I also attended the Strategies and Outlook for the Restaurant Industry event in NYC on Tuesday, hosted by J.H. Cohn, LLP. I tend to look to Gary Levy, who heads J.H. Cohn’s Hospitality practice, and the esteemed panelists he brought together, for good market insights. Here is my general take-away:
· Lenders are back, but only for bigger deals. Franchisees are still being ignored, which will slow up growth. Most lenders are looking for EBITDA north of $15 million.
· Equity is still available. Some equity investors are actually, and finally, looking at the lower end of the middle market for opportunity where, in some cases, very early, savvy and experienced investors can play, add value, and realize higher returns with compelling concepts. Historically, this is just for private investors. But, if there is a good 5-10 unit chain with compelling unit level economics, a solid concept that has demonstrated some success in multiple markets, then there is appetite.

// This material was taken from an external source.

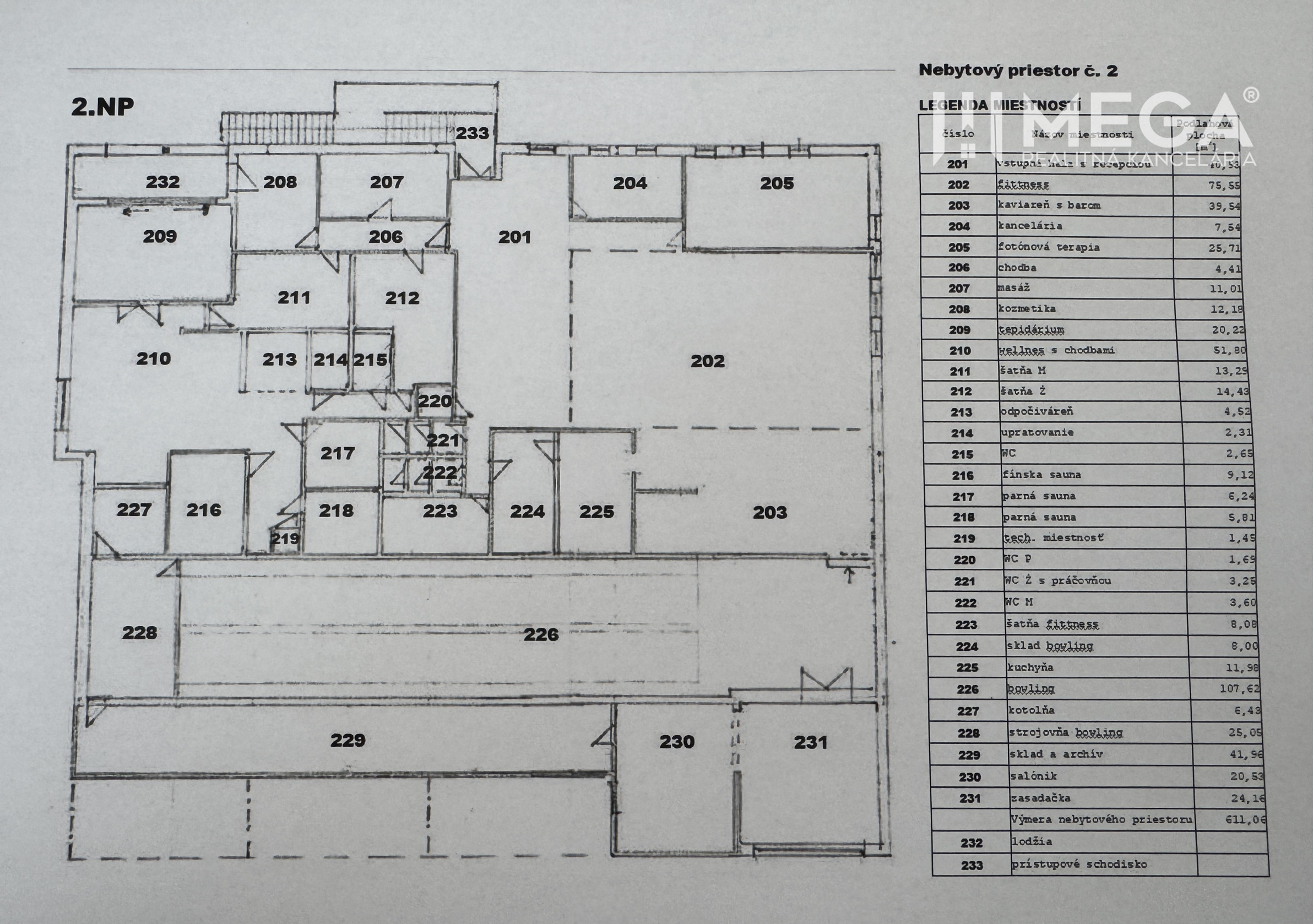 2. nadzemné podlažie (611 m²):využívané na služby ajo sú kozmetika,masáže,fotónovaá terapia,fitness cvičenie.Pozostáva z priestorov -vstupná hala s recepciou,kaviareň s barom,3x sauna,odpočívareň,kancelária,bowling,šatne, toalety aj sklad.
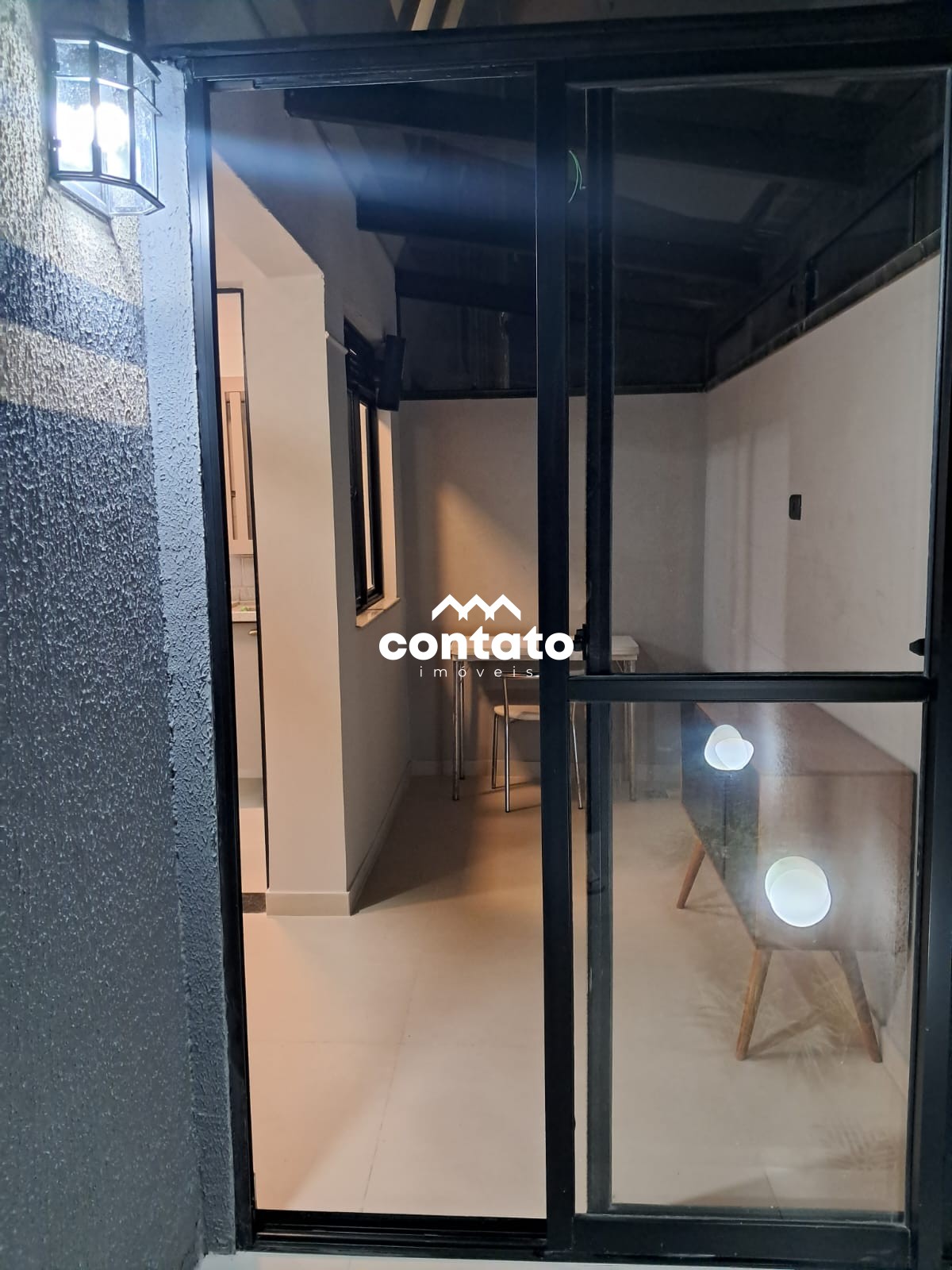 Sala integrada com a churrasqueira, área coberta com vidro.

· Another new sector being sandwiched between fast casual and casual is being referred to as “Convenient Casual” Not sure about this one, but ok. Remember Home Meal Replacement?
· Private equity is looking for an Italian Chipotle. Why wouldn’t they? Or, even an Asian Chipotle for this Convenient Casual category.
· With the cost of capital around 8.5% and the industry averaging about 7% returns on invested capital (other than Wall Street darling Chipotle at 18%) no one is making any money. Jim, a little help here please?
· The better use of a 6,000 square foot casual dining footprint is, well, 3,000 square feet. Lose the servers enjoy a casual dining check average with takeout volume and better margins.
· Roger Matthews from Goldman Sachs, sees 2011, even 2012 as the start of real recovery in the restaurant sector. Paul Westra from Cowen and Co. sees March, 2010 as the start of the recovery for foodservice. I vote for Paul.
From my seat, there is a certain positive buzz on the street. I do like what I see, at least in San Francisco, Los Angeles and New York where people are spending money at restaurants. Attitude is what I look for, both B2B and B2C. Provided we all believe it, manifest it and leverage the new business lessons we have learned from the past few years, I still believe we are headed for a slow and steady recovery this year.